What Is a "Good" Source?

Don't think of information sources as "good" or "bad" - instead, consider whether they are appropriate for your research needs.

Wikipedia, for example, might not be appropriate for your research project on climate change, but if you're researching crowd-sourced reference sites, then Wikipedia will be an indispensable source of information for you.

Types of Information Sources

Primary, Secondary, and Tertiary

Primary sources are firsthand or eyewitness accounts. They present the actual evidence of an event without any analysis or interpretation. Primary sources include diaries, letters, legal or court documents, laws, speeches, statistics, journals, original research documents, and the like.

Secondary sources analyze, interpret, retell, explain, or critique primary sources.

Tertiary sources index, organize, and compile other sources and are generally not referenced in academic research.
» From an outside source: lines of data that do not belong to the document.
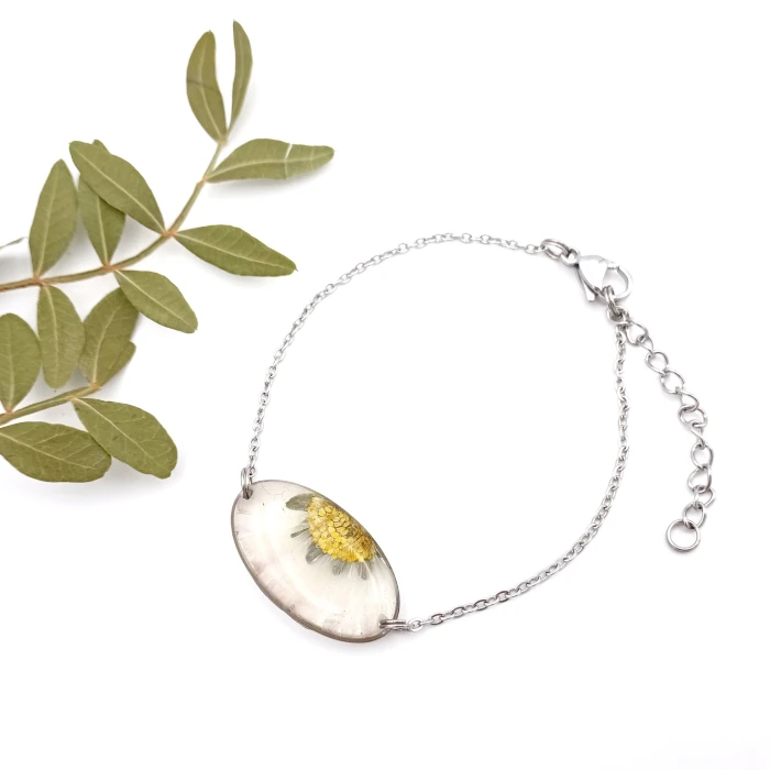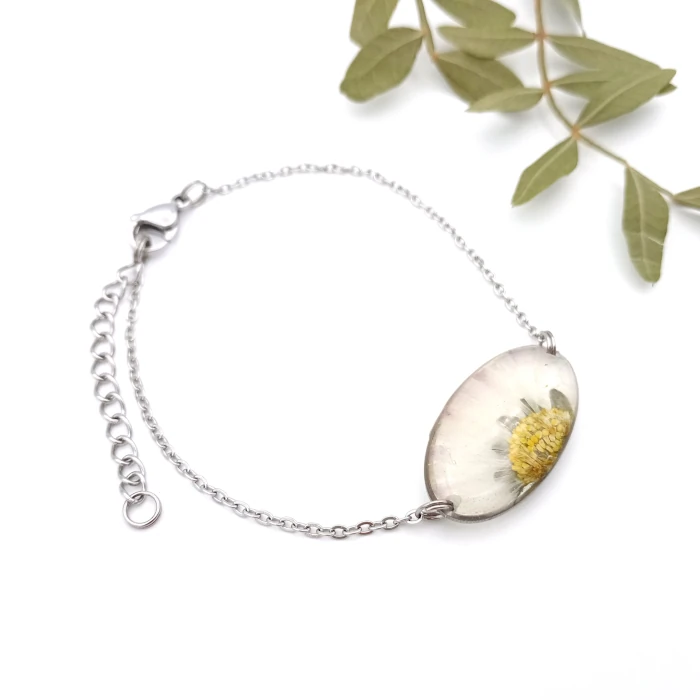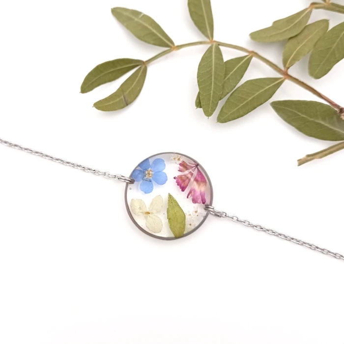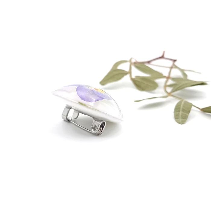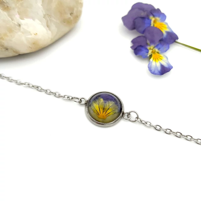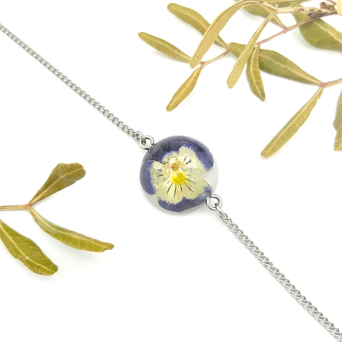 V centre tohto náramku ja v živici zaliaty kvietok drobnej violky (sirôtky / macešky), ktorý pôsobí veľmi jemne, veľmi žensky.
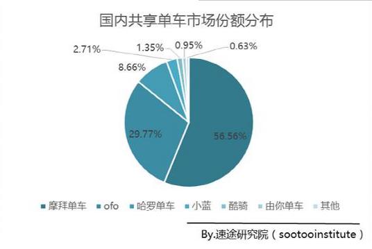 不但如此,摩拜共享單車在市場份額方面更是一騎絕塵,遙遙領跑于其他競爭對手。近日,國內權威第三方數據調研機構速途研究院發布了《 2017 年第一季度國內共享單車市場調研陳訴》,該陳訴顯示,以訂單量計算,摩拜單車已占據共享單車市場57%的份額,超過第二名ofo近 30 個百分點,領先優勢十分明顯。
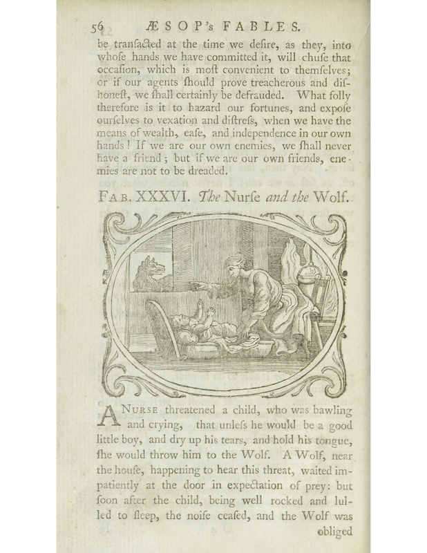 A woman sits on a chair on the right side of the image, hovering above a child on a small bed. She points outside to a wolf who is peeking through the window. She appears angry, while the child seems to be in distress, with their arms held in the air. In the background, a fire rolls with a large pot hanging above.

This category includes encyclopedias, dictionaries, and textbooks.

Scholarly, Popular, and Professional

Scholarly sources, such as journals, are written by the experts in the subject matter. They are often written for use by other scholars, researchers, or serious students of the subject. They often use language that is specific to that discipline. They usually include in-text citations or footnotes and a works cited or bibliography. They are often peer-reviewed, meaning the article has been anonymously reviewed by a panel of experts in the topic before it has been accepted for publication. They are usually published by a professional organization, research center, or scholarly press.

Popular sources, including magazines and news sources) are written for a more general audience, not necessarily experts in the topic. They are often written by journalists or others who are not professionals in the field. They are written in easy to understand language; they do not use technical jargon. Although they may have footnotes and/or citations, they are usually not as extensive. There may be little or no editorial review.

Professional/Trade sources are published for practitioners in specific fields. Generally, both the audience and the authors of trade publications are practitioners in the selected field.

Popular and trade publications are not better or worse than scholarly publications - each source must be judged individually and within the context of the information need.

Print and Electronic

Print refers to materials that have been produced in a hard copy. Examples include books, magazines, journals, and newspapers.

Electronic sources (or e-resources) are materials that are available in a digital format and may be accessed electronically. Examples include e-books, online journals, articles from electronic databases, PDF documents, and web pages.

Multimedia sources refer to images, audio, and video. These sources may be physical copies (CDs, DVDs, etc.) or electronic (streaming media, MP3 files, online videos, etc.).